> _Exercise directions_: Below this line are records; transcribe exactly the lines between the one holding "Scan Tool Output Controls" and the one holding "Îndrăgita cântăreaţă Anastasia", inclusive, and omit the pictures.

> _Given information_:
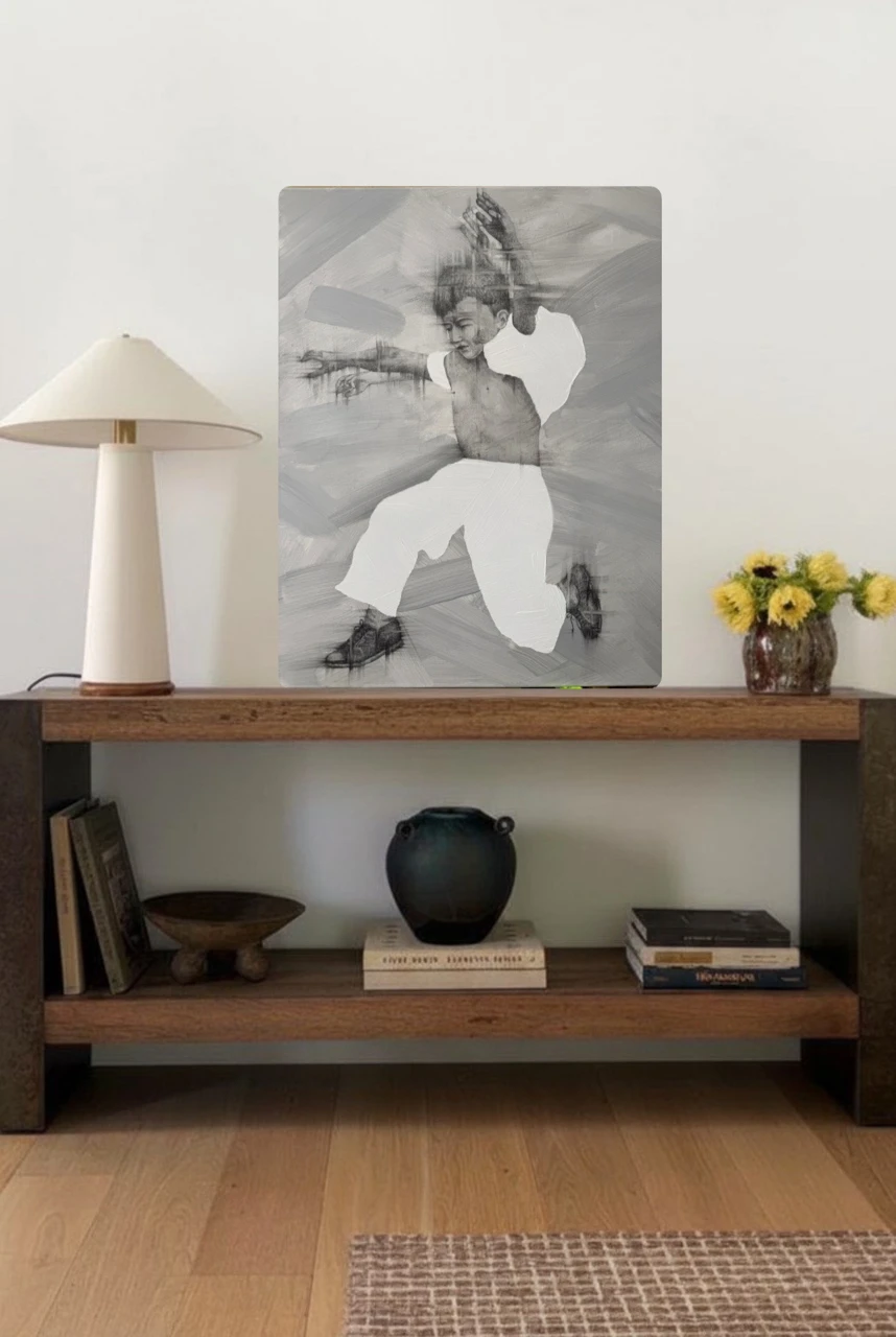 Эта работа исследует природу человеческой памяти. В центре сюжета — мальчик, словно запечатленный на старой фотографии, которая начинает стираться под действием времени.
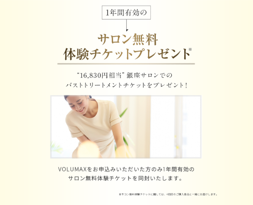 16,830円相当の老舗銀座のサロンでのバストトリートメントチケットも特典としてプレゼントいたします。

...

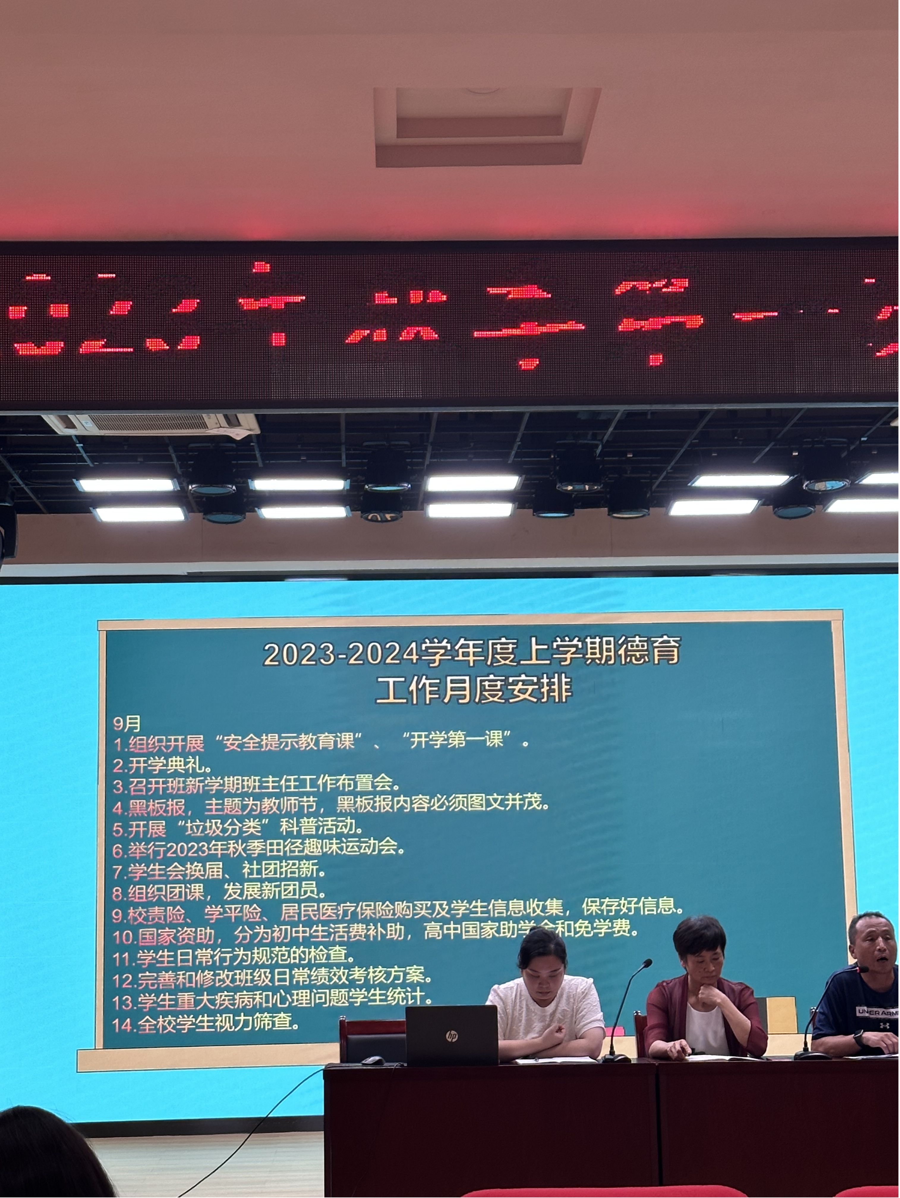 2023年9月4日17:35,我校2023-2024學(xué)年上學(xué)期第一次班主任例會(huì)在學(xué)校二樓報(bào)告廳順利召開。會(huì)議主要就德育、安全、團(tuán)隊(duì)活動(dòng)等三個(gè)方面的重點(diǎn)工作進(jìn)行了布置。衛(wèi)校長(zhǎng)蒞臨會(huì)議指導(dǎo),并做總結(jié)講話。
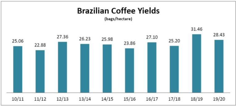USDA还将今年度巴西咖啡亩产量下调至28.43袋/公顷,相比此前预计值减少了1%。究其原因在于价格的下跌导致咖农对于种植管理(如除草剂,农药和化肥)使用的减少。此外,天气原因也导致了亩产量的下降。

* * *

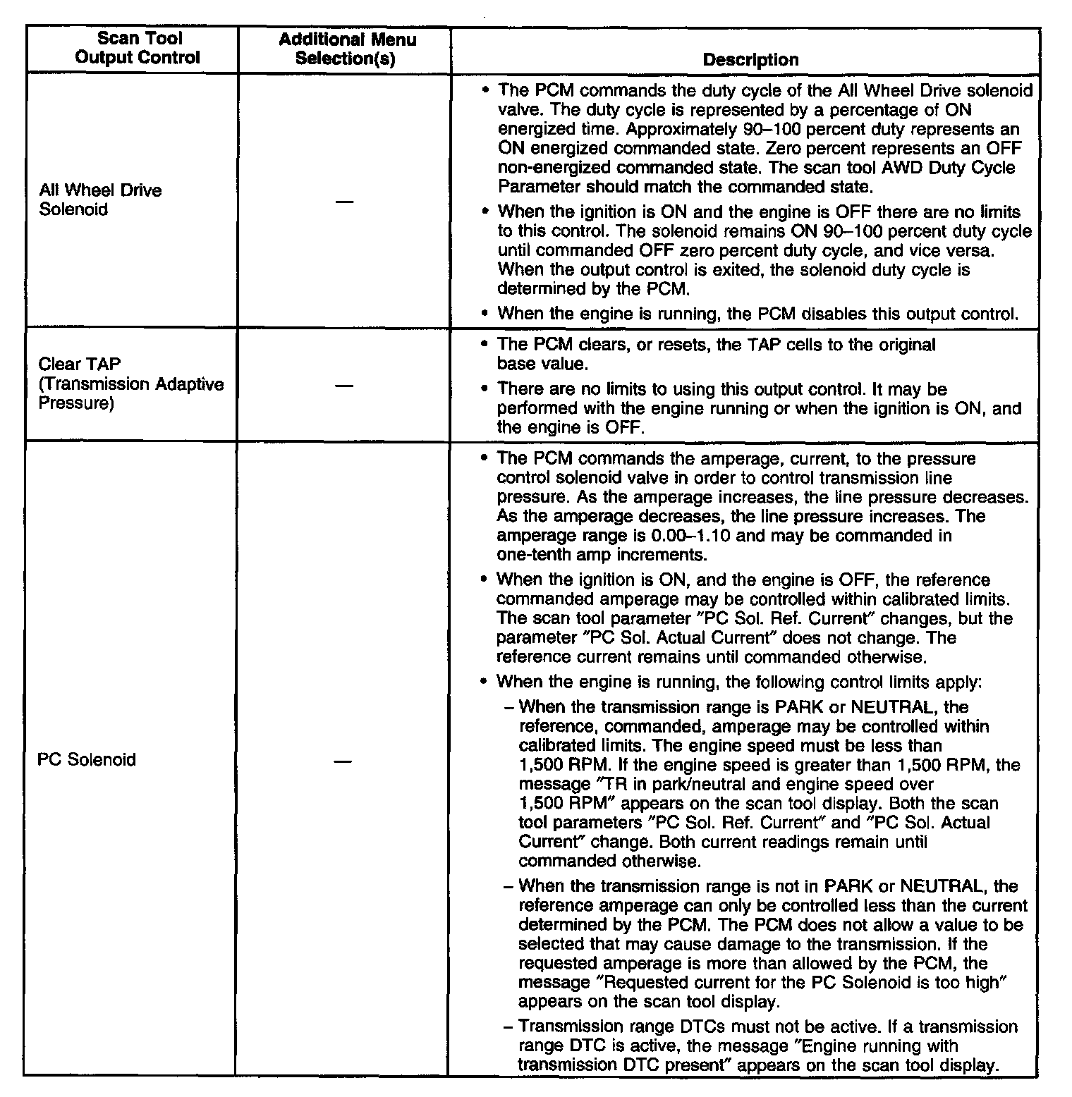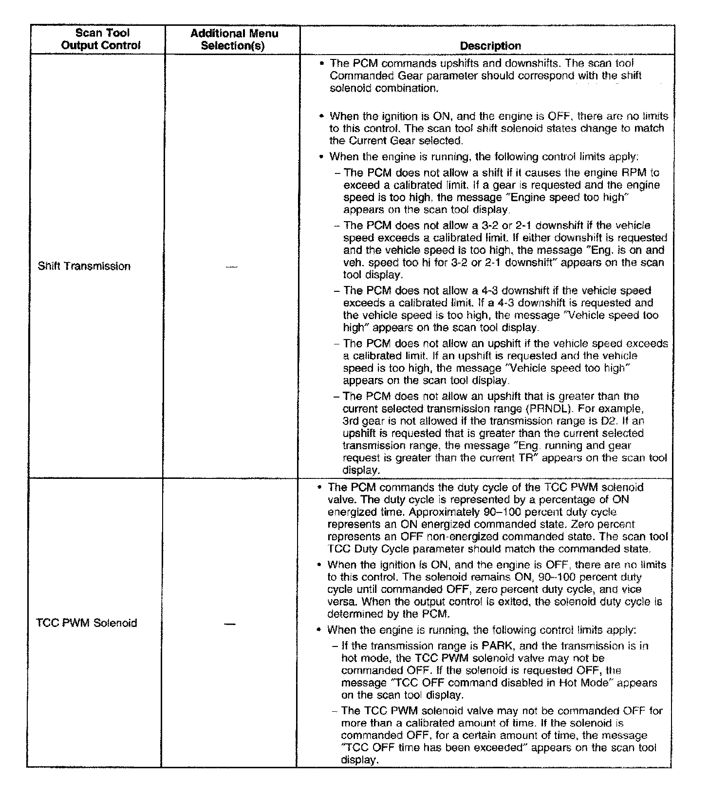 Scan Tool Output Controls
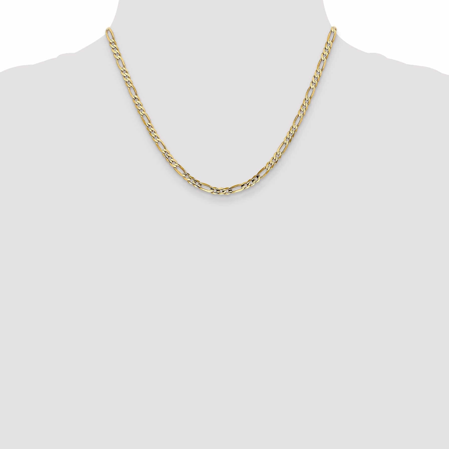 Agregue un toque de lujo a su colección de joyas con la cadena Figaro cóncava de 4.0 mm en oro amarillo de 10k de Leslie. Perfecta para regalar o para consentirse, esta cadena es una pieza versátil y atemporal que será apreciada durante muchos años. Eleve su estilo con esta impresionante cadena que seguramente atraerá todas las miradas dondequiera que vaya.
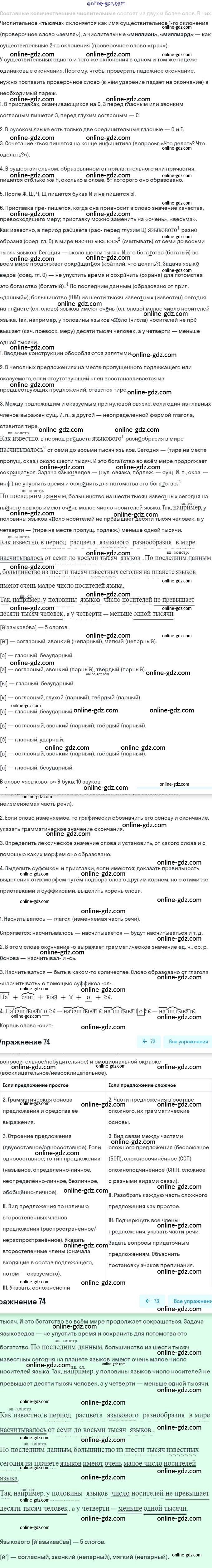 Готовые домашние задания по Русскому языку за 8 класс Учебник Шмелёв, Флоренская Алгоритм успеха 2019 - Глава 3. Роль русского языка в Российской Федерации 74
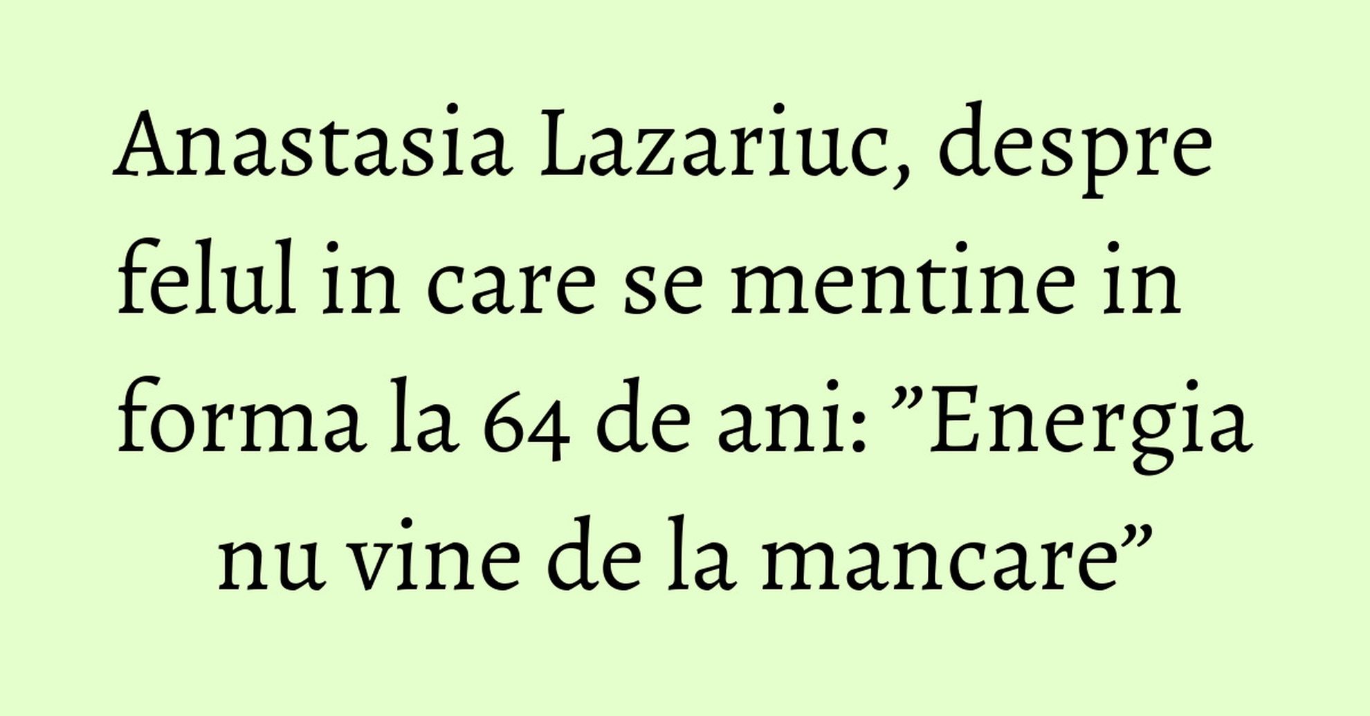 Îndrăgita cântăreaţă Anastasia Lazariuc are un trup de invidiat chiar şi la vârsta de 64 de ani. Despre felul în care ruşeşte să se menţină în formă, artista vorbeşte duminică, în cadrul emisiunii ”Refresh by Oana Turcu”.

> _Output below_:
 Scan Tool Output Controls
 Agregue un toque de lujo a su colección de joyas con la cadena Figaro cóncava de 4.0 mm en oro amarillo de 10k de Leslie. Perfecta para regalar o para consentirse, esta cadena es una pieza versátil y atemporal que será apreciada durante muchos años. Eleve su estilo con esta impresionante cadena que seguramente atraerá todas las miradas dondequiera que vaya.
 Готовые домашние задания по Русскому языку за 8 класс Учебник Шмелёв, Флоренская Алгоритм успеха 2019 - Глава 3. Роль русского языка в Российской Федерации 74
 Îndrăgita cântăreaţă Anastasia Lazariuc are un trup de invidiat chiar şi la vârsta de 64 de ani. Despre felul în care ruşeşte să se menţină în formă, artista vorbeşte duminică, în cadrul emisiunii ”Refresh by Oana Turcu”.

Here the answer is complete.